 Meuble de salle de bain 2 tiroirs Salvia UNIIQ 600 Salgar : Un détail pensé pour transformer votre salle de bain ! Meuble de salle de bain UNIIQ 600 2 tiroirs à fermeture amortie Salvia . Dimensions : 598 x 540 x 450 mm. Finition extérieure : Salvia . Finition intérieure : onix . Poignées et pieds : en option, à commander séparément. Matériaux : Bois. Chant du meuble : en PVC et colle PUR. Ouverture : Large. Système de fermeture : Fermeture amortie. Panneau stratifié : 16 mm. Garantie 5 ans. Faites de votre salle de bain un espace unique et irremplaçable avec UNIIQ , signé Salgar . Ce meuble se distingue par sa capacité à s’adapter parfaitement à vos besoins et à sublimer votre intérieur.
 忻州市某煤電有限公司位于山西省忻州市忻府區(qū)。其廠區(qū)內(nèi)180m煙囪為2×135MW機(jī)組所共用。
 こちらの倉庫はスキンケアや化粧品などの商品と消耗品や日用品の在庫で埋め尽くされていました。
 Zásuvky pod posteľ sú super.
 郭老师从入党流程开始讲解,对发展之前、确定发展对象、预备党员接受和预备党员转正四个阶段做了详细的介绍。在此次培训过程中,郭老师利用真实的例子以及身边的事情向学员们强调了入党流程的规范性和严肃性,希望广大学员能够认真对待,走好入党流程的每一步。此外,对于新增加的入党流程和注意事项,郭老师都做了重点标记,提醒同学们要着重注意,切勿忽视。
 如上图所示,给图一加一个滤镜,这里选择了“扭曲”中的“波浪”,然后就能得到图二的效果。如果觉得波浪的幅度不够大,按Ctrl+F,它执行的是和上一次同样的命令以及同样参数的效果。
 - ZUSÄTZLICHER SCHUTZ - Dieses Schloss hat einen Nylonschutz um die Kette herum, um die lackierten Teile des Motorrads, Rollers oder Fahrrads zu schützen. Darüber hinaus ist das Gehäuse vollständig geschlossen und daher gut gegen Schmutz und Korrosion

----

WHAT YOU NEED TO DO: In the entries, find the line containing "如上图所示,给图一加一个滤镜" and output it and all remaining lines exactly.

ANSWER BELOW:
 如上图所示,给图一加一个滤镜,这里选择了“扭曲”中的“波浪”,然后就能得到图二的效果。如果觉得波浪的幅度不够大,按Ctrl+F,它执行的是和上一次同样的命令以及同样参数的效果。
 - ZUSÄTZLICHER SCHUTZ - Dieses Schloss hat einen Nylonschutz um die Kette herum, um die lackierten Teile des Motorrads, Rollers oder Fahrrads zu schützen. Darüber hinaus ist das Gehäuse vollständig geschlossen und daher gut gegen Schmutz und Korrosion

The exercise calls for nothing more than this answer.